Aim of the exercise
Exactly as they appear below, repeat the lines from the one with "Four-Piece Men’S Thermal" through the one with "16일전북도의회세미나실에서". Drop every picture.

Material provided
+++

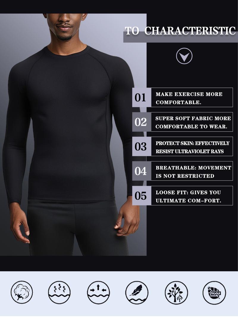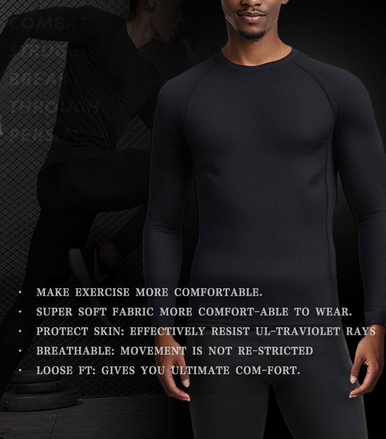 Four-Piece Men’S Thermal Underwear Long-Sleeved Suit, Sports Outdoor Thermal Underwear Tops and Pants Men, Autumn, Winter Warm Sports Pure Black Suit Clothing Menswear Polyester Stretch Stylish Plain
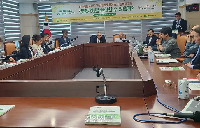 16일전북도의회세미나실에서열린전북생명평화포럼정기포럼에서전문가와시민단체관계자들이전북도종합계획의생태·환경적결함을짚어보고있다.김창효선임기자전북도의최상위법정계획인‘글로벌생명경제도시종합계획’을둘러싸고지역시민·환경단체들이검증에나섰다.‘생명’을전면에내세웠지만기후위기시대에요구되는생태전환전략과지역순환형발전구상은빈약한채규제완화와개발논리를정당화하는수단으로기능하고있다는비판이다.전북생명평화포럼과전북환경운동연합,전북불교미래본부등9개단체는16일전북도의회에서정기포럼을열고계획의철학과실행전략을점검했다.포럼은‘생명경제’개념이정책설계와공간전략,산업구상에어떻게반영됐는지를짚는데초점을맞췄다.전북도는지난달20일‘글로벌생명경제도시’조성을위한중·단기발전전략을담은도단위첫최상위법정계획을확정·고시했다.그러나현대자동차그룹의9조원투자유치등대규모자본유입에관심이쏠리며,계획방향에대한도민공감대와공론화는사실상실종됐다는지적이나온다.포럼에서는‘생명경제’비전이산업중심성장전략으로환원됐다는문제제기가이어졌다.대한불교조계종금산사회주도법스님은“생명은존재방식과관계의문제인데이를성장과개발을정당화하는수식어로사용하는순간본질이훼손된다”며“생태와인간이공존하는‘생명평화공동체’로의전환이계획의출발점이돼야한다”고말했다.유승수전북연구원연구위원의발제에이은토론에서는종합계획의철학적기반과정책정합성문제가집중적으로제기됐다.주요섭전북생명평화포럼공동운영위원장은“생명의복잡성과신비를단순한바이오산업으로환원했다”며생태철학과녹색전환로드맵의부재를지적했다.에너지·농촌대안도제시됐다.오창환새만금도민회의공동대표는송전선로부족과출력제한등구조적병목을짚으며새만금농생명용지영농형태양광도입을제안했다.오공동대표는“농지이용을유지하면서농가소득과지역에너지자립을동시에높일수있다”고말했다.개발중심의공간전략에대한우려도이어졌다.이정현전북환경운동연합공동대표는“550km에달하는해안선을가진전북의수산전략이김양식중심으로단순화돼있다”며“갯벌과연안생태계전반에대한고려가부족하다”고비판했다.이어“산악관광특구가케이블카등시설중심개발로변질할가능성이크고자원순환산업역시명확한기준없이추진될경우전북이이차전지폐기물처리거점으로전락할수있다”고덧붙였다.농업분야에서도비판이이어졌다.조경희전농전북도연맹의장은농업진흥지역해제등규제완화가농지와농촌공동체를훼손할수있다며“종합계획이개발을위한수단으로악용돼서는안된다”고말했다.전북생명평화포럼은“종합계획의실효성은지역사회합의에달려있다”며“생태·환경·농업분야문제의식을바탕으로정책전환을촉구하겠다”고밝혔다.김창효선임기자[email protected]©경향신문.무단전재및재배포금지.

+++

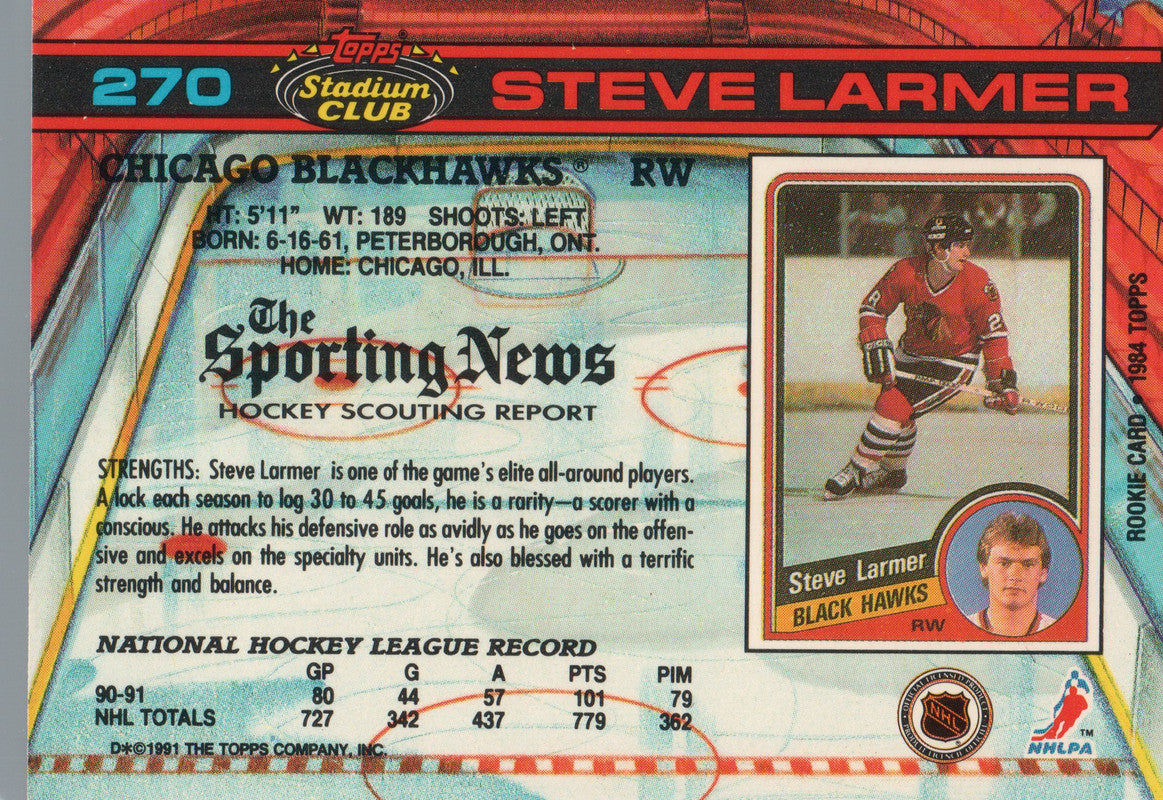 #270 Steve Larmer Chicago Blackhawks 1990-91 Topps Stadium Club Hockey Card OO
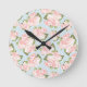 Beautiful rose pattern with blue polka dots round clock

+++

Response
 Four-Piece Men’S Thermal Underwear Long-Sleeved Suit, Sports Outdoor Thermal Underwear Tops and Pants Men, Autumn, Winter Warm Sports Pure Black Suit Clothing Menswear Polyester Stretch Stylish Plain
 16일전북도의회세미나실에서열린전북생명평화포럼정기포럼에서전문가와시민단체관계자들이전북도종합계획의생태·환경적결함을짚어보고있다.김창효선임기자전북도의최상위법정계획인‘글로벌생명경제도시종합계획’을둘러싸고지역시민·환경단체들이검증에나섰다.‘생명’을전면에내세웠지만기후위기시대에요구되는생태전환전략과지역순환형발전구상은빈약한채규제완화와개발논리를정당화하는수단으로기능하고있다는비판이다.전북생명평화포럼과전북환경운동연합,전북불교미래본부등9개단체는16일전북도의회에서정기포럼을열고계획의철학과실행전략을점검했다.포럼은‘생명경제’개념이정책설계와공간전략,산업구상에어떻게반영됐는지를짚는데초점을맞췄다.전북도는지난달20일‘글로벌생명경제도시’조성을위한중·단기발전전략을담은도단위첫최상위법정계획을확정·고시했다.그러나현대자동차그룹의9조원투자유치등대규모자본유입에관심이쏠리며,계획방향에대한도민공감대와공론화는사실상실종됐다는지적이나온다.포럼에서는‘생명경제’비전이산업중심성장전략으로환원됐다는문제제기가이어졌다.대한불교조계종금산사회주도법스님은“생명은존재방식과관계의문제인데이를성장과개발을정당화하는수식어로사용하는순간본질이훼손된다”며“생태와인간이공존하는‘생명평화공동체’로의전환이계획의출발점이돼야한다”고말했다.유승수전북연구원연구위원의발제에이은토론에서는종합계획의철학적기반과정책정합성문제가집중적으로제기됐다.주요섭전북생명평화포럼공동운영위원장은“생명의복잡성과신비를단순한바이오산업으로환원했다”며생태철학과녹색전환로드맵의부재를지적했다.에너지·농촌대안도제시됐다.오창환새만금도민회의공동대표는송전선로부족과출력제한등구조적병목을짚으며새만금농생명용지영농형태양광도입을제안했다.오공동대표는“농지이용을유지하면서농가소득과지역에너지자립을동시에높일수있다”고말했다.개발중심의공간전략에대한우려도이어졌다.이정현전북환경운동연합공동대표는“550km에달하는해안선을가진전북의수산전략이김양식중심으로단순화돼있다”며“갯벌과연안생태계전반에대한고려가부족하다”고비판했다.이어“산악관광특구가케이블카등시설중심개발로변질할가능성이크고자원순환산업역시명확한기준없이추진될경우전북이이차전지폐기물처리거점으로전락할수있다”고덧붙였다.농업분야에서도비판이이어졌다.조경희전농전북도연맹의장은농업진흥지역해제등규제완화가농지와농촌공동체를훼손할수있다며“종합계획이개발을위한수단으로악용돼서는안된다”고말했다.전북생명평화포럼은“종합계획의실효성은지역사회합의에달려있다”며“생태·환경·농업분야문제의식을바탕으로정책전환을촉구하겠다”고밝혔다.김창효선임기자[email protected]©경향신문.무단전재및재배포금지.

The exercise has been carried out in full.